[THE PROBLEM] Your answer must be only the lines below from the one containing "同院では先進的高周波治療装置" through the one containing "Built-In Umbrella Hole", copied exactly, with the pictures left out.

[DATA PROVIDED]

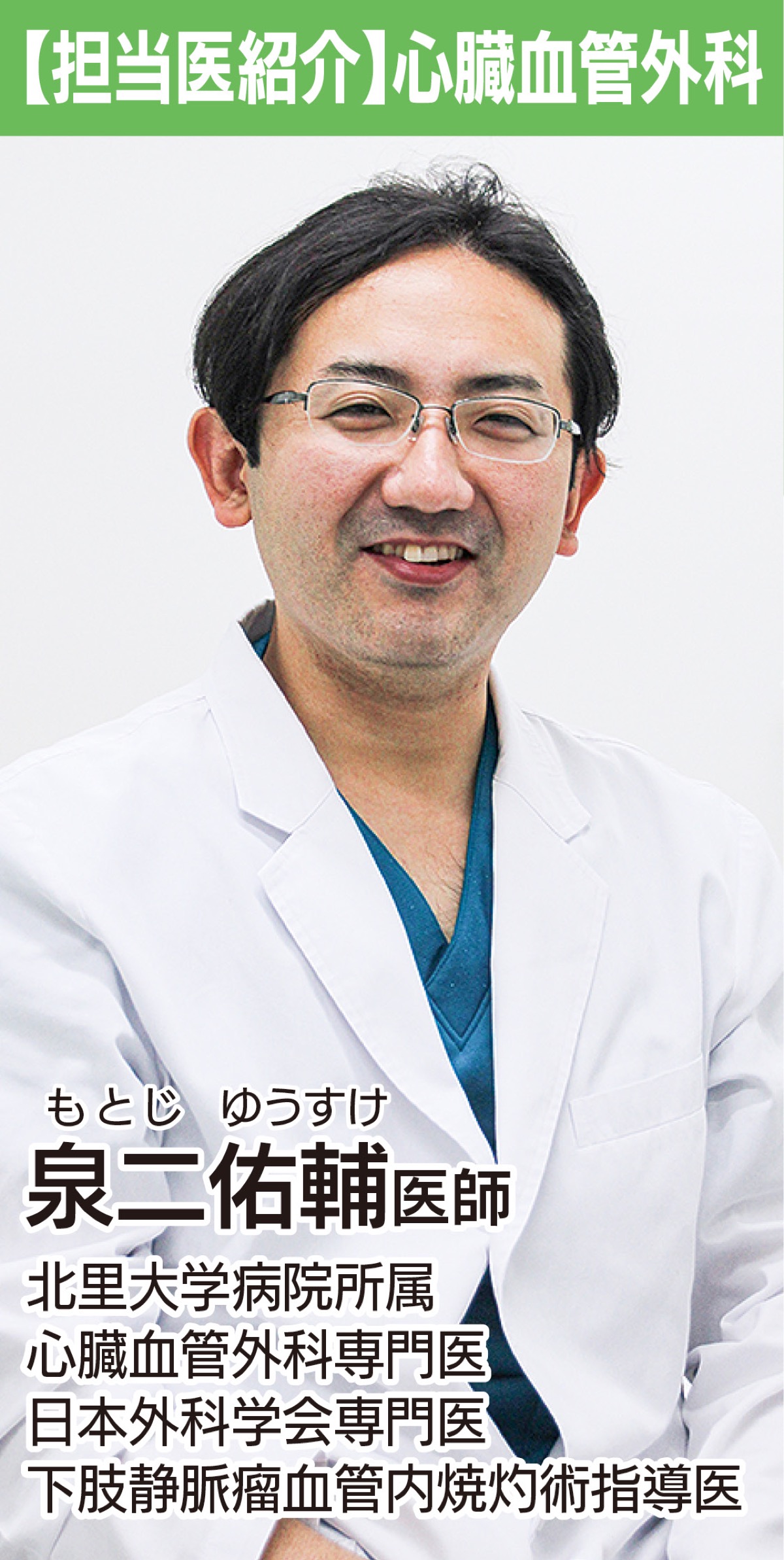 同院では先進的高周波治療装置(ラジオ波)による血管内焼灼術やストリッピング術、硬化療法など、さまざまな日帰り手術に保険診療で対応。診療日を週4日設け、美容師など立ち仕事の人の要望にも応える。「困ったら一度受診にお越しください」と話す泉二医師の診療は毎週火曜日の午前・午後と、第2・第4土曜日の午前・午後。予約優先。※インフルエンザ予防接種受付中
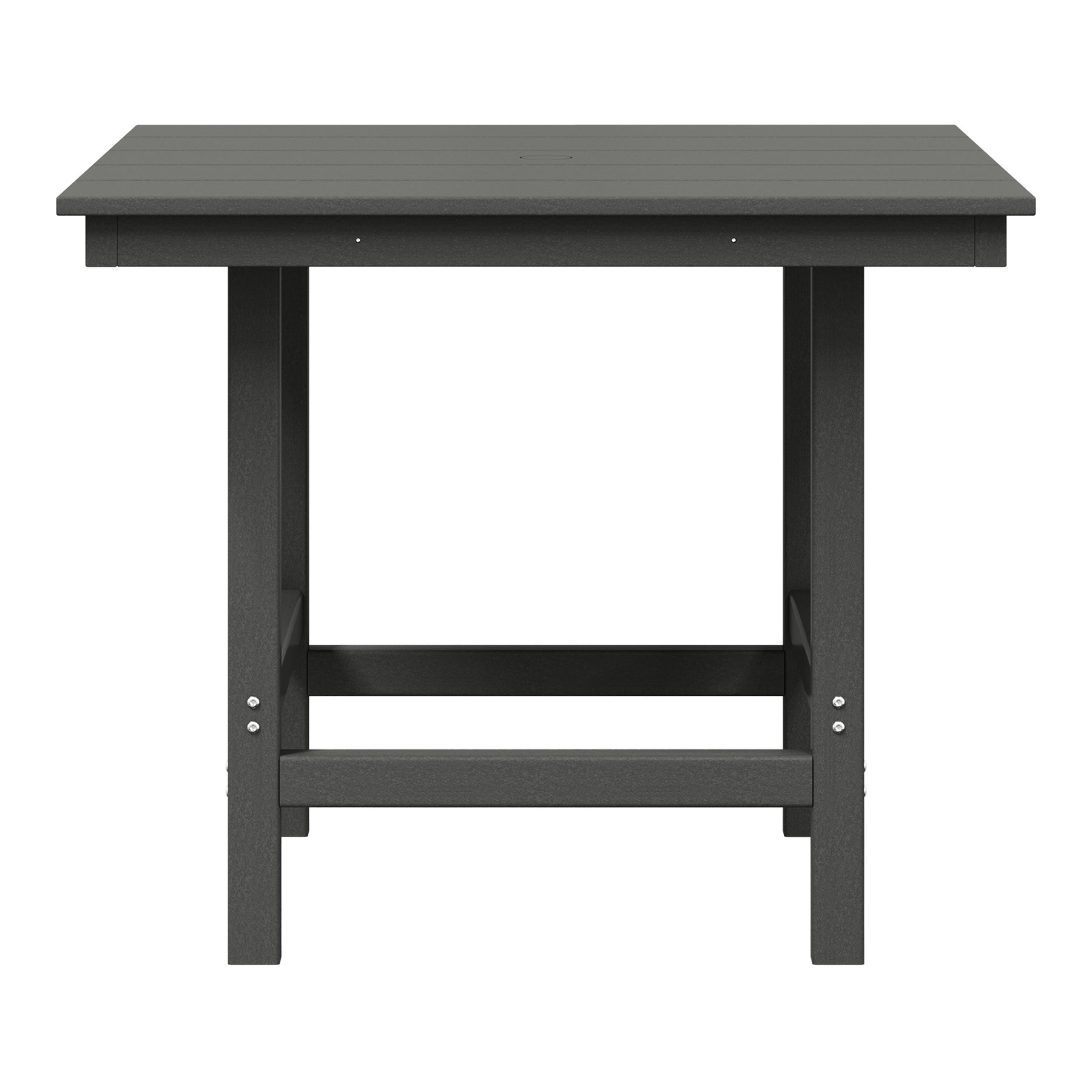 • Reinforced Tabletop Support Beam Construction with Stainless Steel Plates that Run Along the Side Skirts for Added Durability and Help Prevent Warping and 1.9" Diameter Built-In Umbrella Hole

--

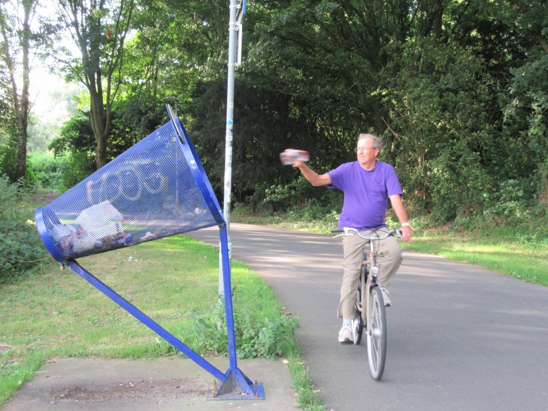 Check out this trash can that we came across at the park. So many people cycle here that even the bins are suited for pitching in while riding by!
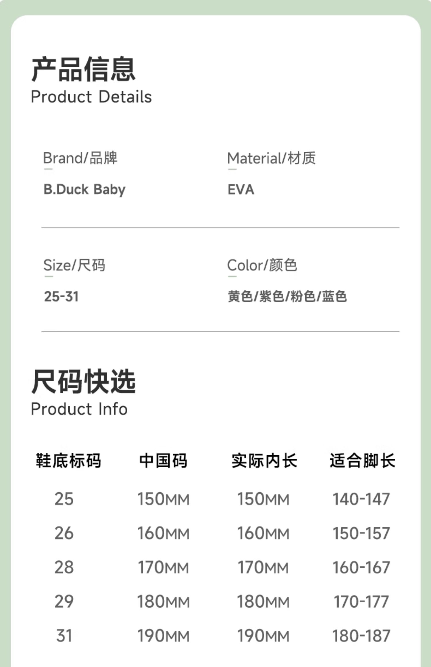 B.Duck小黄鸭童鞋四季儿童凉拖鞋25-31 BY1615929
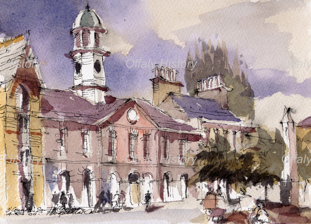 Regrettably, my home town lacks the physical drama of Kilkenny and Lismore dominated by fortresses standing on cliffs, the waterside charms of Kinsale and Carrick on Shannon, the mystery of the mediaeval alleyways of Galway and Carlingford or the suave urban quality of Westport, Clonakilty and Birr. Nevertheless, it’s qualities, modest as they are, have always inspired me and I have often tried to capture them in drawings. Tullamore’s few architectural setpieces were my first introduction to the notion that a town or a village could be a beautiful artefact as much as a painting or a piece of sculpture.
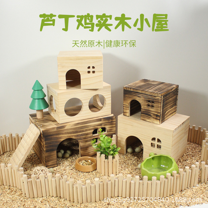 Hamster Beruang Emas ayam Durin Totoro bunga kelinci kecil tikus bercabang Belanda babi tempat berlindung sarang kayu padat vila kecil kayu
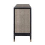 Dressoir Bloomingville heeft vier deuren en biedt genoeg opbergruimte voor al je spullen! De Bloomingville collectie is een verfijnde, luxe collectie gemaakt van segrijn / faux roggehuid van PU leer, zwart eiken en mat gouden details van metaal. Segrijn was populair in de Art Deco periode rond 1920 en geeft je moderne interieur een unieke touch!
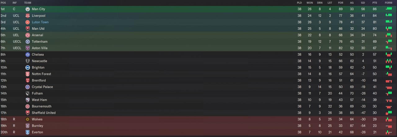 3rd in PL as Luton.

---

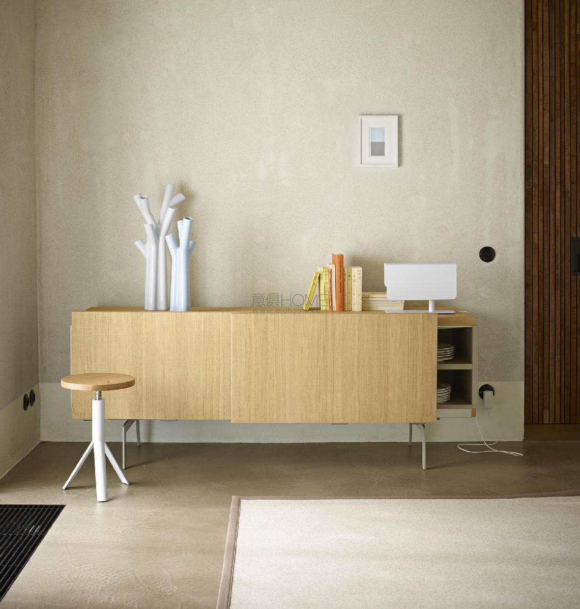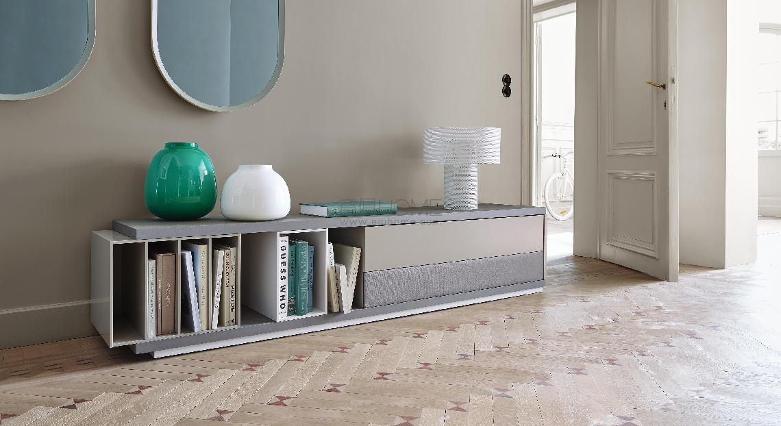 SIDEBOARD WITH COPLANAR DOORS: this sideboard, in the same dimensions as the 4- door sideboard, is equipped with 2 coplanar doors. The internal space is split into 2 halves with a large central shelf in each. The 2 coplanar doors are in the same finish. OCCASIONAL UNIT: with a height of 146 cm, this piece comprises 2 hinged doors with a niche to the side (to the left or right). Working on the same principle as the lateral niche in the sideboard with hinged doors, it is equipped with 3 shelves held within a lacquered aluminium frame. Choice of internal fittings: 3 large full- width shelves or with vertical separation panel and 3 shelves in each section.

[OUTPUT FOR THIS TASK]
 同院では先進的高周波治療装置(ラジオ波)による血管内焼灼術やストリッピング術、硬化療法など、さまざまな日帰り手術に保険診療で対応。診療日を週4日設け、美容師など立ち仕事の人の要望にも応える。「困ったら一度受診にお越しください」と話す泉二医師の診療は毎週火曜日の午前・午後と、第2・第4土曜日の午前・午後。予約優先。※インフルエンザ予防接種受付中
 • Reinforced Tabletop Support Beam Construction with Stainless Steel Plates that Run Along the Side Skirts for Added Durability and Help Prevent Warping and 1.9" Diameter Built-In Umbrella Hole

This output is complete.